Women's 52 kg competition in judo at the 2004 Summer Olympics was held on August 15 at the Ano Liossia Olympic Hall.

This event was the second-lightest of the women's judo weight classes, limiting competitors to a maximum of 52 kilograms of body mass. Like all other judo events, bouts lasted five minutes. If the bout was still tied at the end, it was extended for another five-minute, sudden-death period; if neither judoka scored during that period, the match was decided by the judges.
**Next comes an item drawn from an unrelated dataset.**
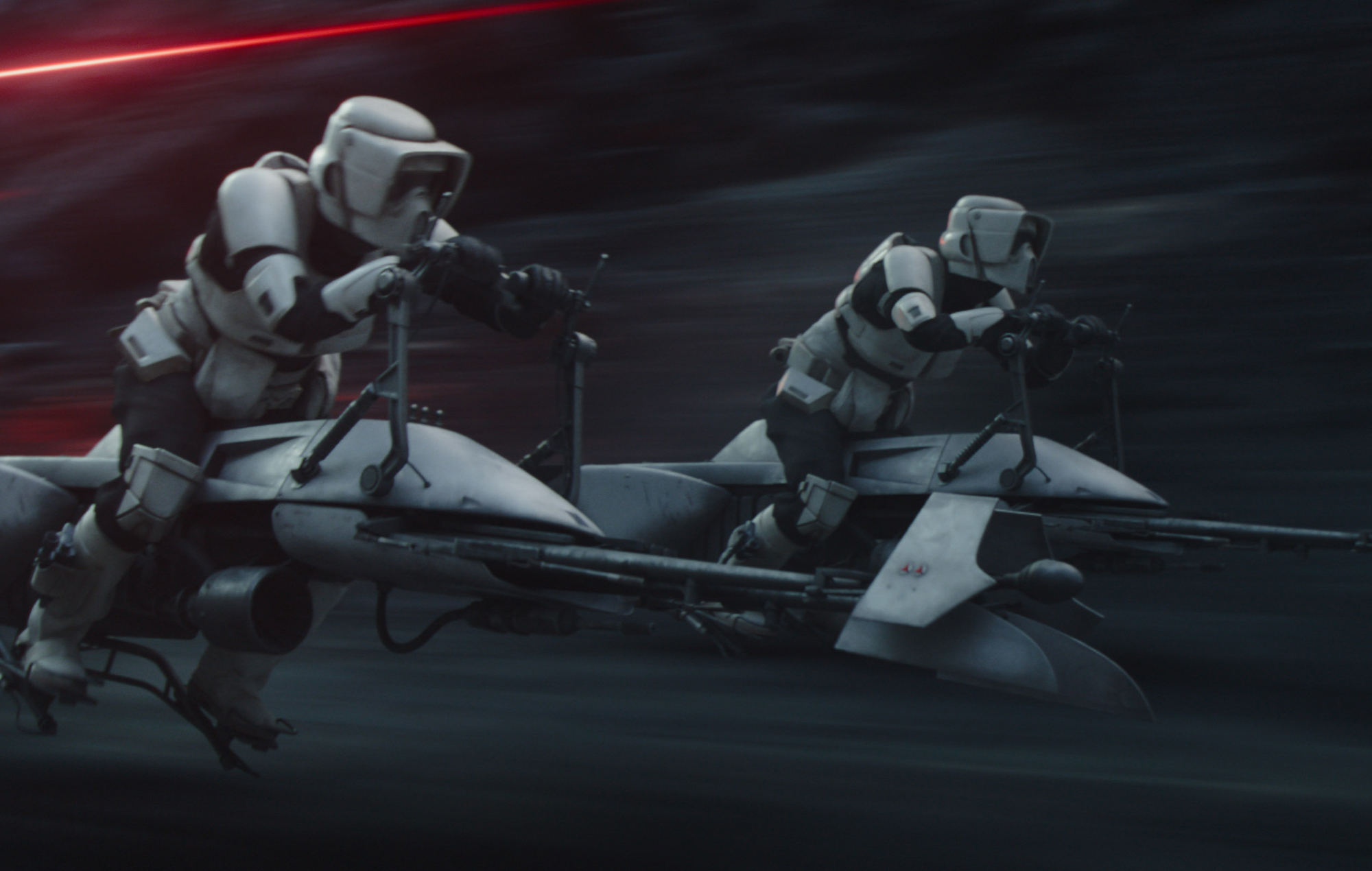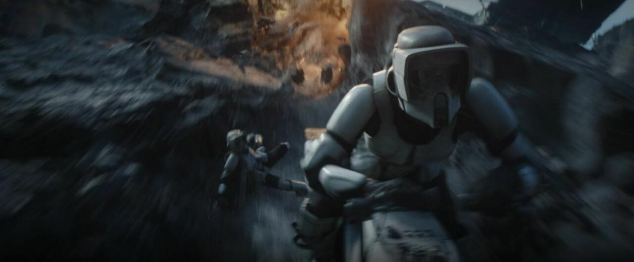 The episode has an amazing chase sequence featuring Dune, Karga, and Mythrol battling with Biker Scouts and TIE Fighters in a hardened magma canyon that eventually opens up into some flats where the Razor Crest joins the battle. It also features a giant cooling system deactivation that hearkens back to a similar sequence featuring Obi-Wan Kenobi deactivating the Death Star’s tractor beam. No rails, a deep pit to fall into, and eventually stormtroopers showing up across the way flooded me with memories of A New Hope.

The tournament bracket consisted of a single-elimination contest culminating in a gold medal match. There was also a repechage to determine the winners of the two bronze medals. Each judoka who had lost to a semifinalist competed in the repechage. The two judokas who lost in the semifinals faced the winner of the opposite half of the bracket's repechage in bronze medal bouts.

== Schedule ==
All times are Greece Standard Time (UTC+2)

| Date | Time | Round |
|---|---|---|
| Sunday, 15 August 2004 | 10:30 13:00 17:00 | Preliminaries Repechage Final |

==Qualifying athletes==

| Mat | Athlete | Country |
|---|---|---|
| 1 | Michal Feinblat | Israel |
| 1 | M'mah Soumah | Guinea |
| 1 | Telma Monteiro | Portugal |
| 1 | Annabelle Euranie | France |
| 1 | Rochelle Stormont | New Zealand |
| 1 | Ioana Maria Aluaş | Romania |
| 1 | Raffaella Imbriani | Germany |
| 1 | Charlee Minkin | United States |
| 1 | Maria Tselaridou | Greece |
| 1 | Salima Souakri | Algeria |
| 1 | Petra Nareks | Slovenia |
| 1 | Xian Dongmei | China |
| 2 | Yuki Yokosawa | Japan |
| 2 | Ri Sang-sim | North Korea |
| 2 | Hortense Diédhiou | Senegal |
| 2 | Fabiane Hukuda | Brazil |
| 2 | Georgina Singleton | Great Britain |
| 2 | Flor Velázquez | Venezuela |
| 2 | Amarilis Savón | Cuba |
| 2 | Sanna Askelöf | Sweden |
| 2 | Lee Eun-hee | South Korea |
| 2 | Sholpan Kaliyeva | Kazakhstan |
| 2 | Ilse Heylen | Belgium |
| 2 | Naina Ravaoarisoa | Madagascar |

==Tournament results==

===Repechage===
Those judoka eliminated in earlier rounds by the four semifinalists of the main bracket advanced to the repechage. These matches determined the two bronze medalists for the event.